Your output will be a list of pairs of a number and a list of 5 numbers. Give the output using your preferred, generally accepted way.

What to do?

Given the (unsorted) list of product-id and scoring pairs, count for each product how often each score appears and return the amounts in the second list of the output pair at the appropriate position.
So for product #5 with 10x 1-star, 15x 2-star, 25x 3-star, 50x 4-star and 150x 5-star would result in the entry [5 [10 15 25 50 150]].

Potential Corner Cases

The input list may be empty in which case your output should be as well.
You don't need to consider the case where the input violates the above constraints.
You can safely assume all numbers to be representable by a signed 32-bit integer.
If you have no review(s) for a product (ie it doesn't appear in the output) it must not appear in the output either, i.e. 5x zeroes doesn't happen and can always be dropped.

Who wins?

This is so the shortest answer in bytes wins.

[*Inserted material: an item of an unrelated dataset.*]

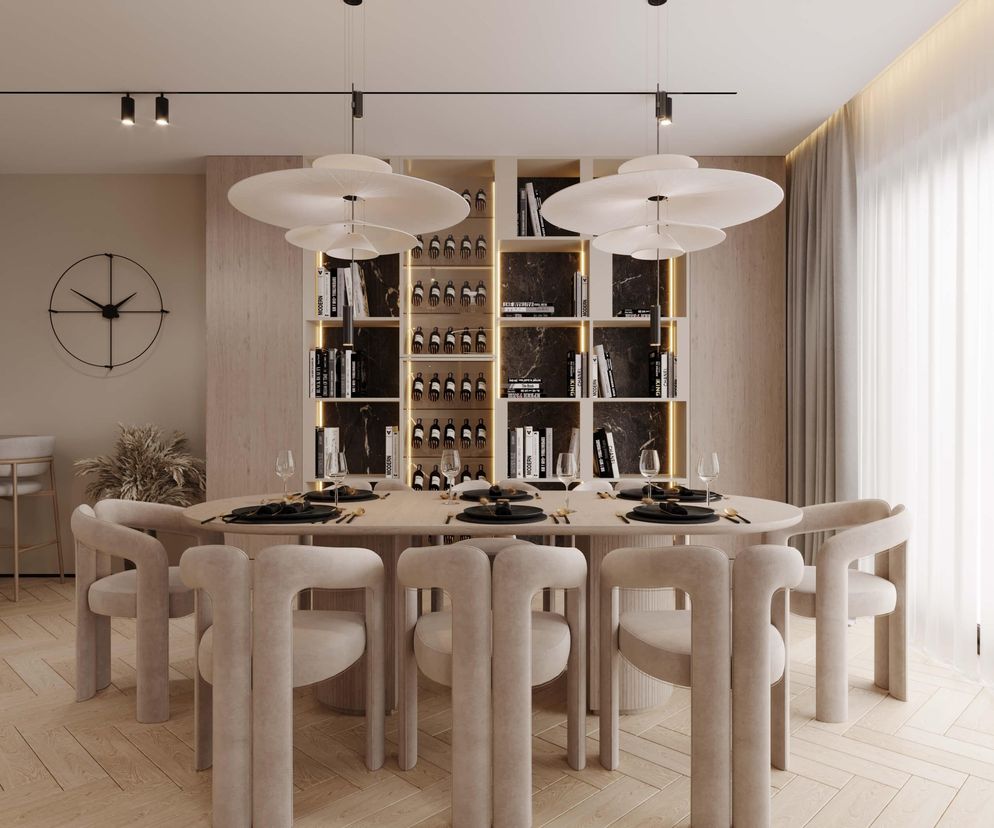 Jednym z ważniejszych aspektów tego projektu było oświetlenie. Zamiast ostrych, zimnych źródeł światła, postawiono na miękkie, rozproszone oświetlenie, które tworzy atmosferę intymności. Mocny, wizualny akcent to lampa nad stołem – efektowna, ale też idealnie wkomponowana w całość.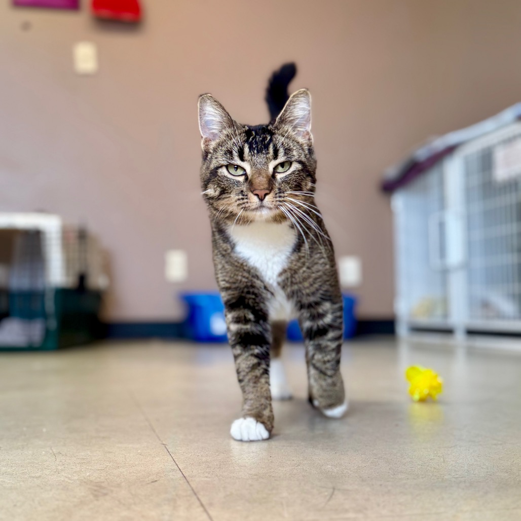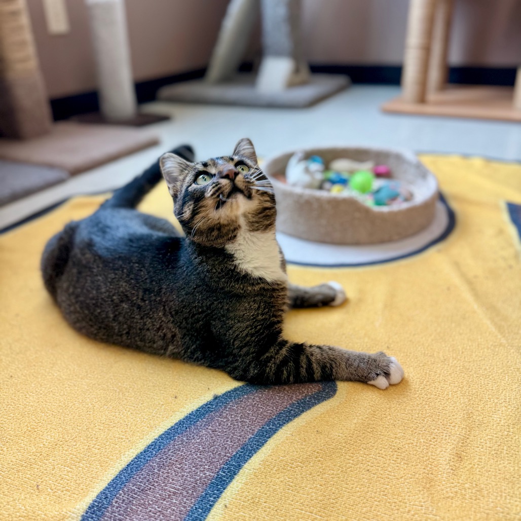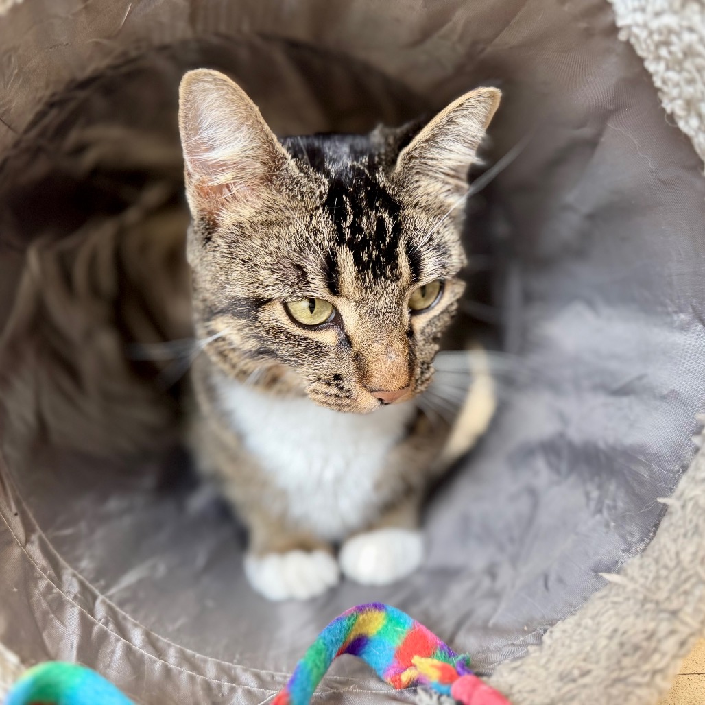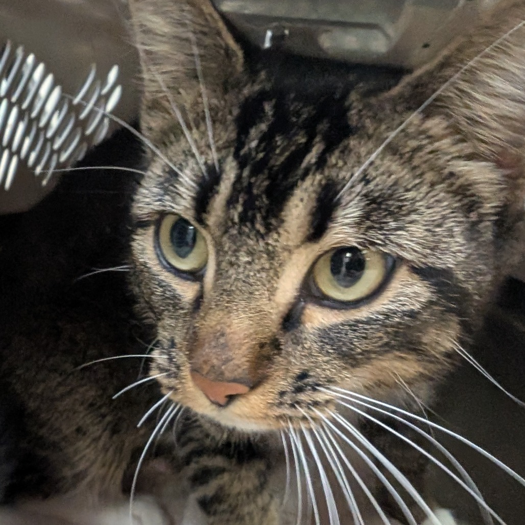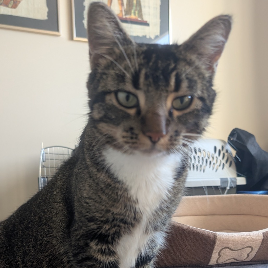 Hello everyone, Kitty here. I am a sweet Tabby girl who loves to be by her people. I am passed my kitten stages so no crazy shenanigans for me, just give me a comfy bed in a warm sun beam and I’ll be in heaven. I’m currently sharing a home with a dog but I prefer when she keeps her distance, so a home without a dog might be best. I am a very easy going girl otherwise and would love to meet you.

Built-ins are allowed and standard rules apply.


Examples

Example input:

[(1,4),(2,5),(1,5),(1,1),(1,5),(1,4)]

Example corresponding output:

[
(1,[1, 0, 0, 2, 2]),
(2,[0, 0, 0, 0, 1])
]

Other test vectors:

[] -> []
[(1,1),(2,2),(3,3),(4,4),(5,5)] ->
[(1, [1,0,0,0,0]),(2, [0,1,0,0,0]),(3, [0,0,1,0,0]),(4, [0,0,0,1,0]),(5, [0,0,0,0,1])]

SEJPM

Posted 2016-12-05T21:15:55.670

Reputation: 3 203

Can / must we output a list of 5 zeros for product 2 if only products 1 are given in the input? Or can we assume that will never happen? – Luis Mendo – 2016-12-05T22:53:40.207

@LuisMendo if you have no reviews for a product "it doesn't exist". Or in another way: If you have no review then there's no way for you to tell product 2 or 3 or 4 is a thing and thus you can obviously leave it out. Also see the edit. – SEJPM – 2016-12-05T22:57:56.210

Would a JS object such as {"1":[1,0,0,2,2],"2":[0,0,0,0,1]} be a valid output? – Arnauld – 2016-12-06T00:15:22.323

@Arnauld well, you pair the item number with a list so it's OK. – SEJPM – 2016-12-06T08:52:12.850

Answers

2

MATL, 8 bytes

5B#uilZ?

Input format is a column array of products followed by a column array of scores:

[1; 2; 1; 1; 1; 1]
[4; 5; 5; 1; 5; 4]

Output format is a vertical array of products followed by a matrix of score occurrences:

1
2
1 0 0 2 2
0 0 0 0 1

Try it online!

Explanation

5B#u   % Implicitly input array of products. Push unique values and integer labels
       % of the input entries. So input [1; 3; 1; 1; 1] would give outputs [1; 3]
       % and [1; 2; 1; 1; 1]. The latter is lik the input but without "holes", i.e.
       % uses consecutive integers. This is required to avoid rows of zeros in the
       % result for non-existing intermediate products
i      % Input array of scores
l      % Push 1
Z?     % Build sparse matrix with those row indices, column indices, and value 1.
       % Implicitly display

Luis Mendo

Posted 2016-12-05T21:15:55.670

Reputation: 87 464

2

R, 64 bytes

function(m)`if`(length(m)>1,by(m[,2],m[,1],tabulate,n=5),list())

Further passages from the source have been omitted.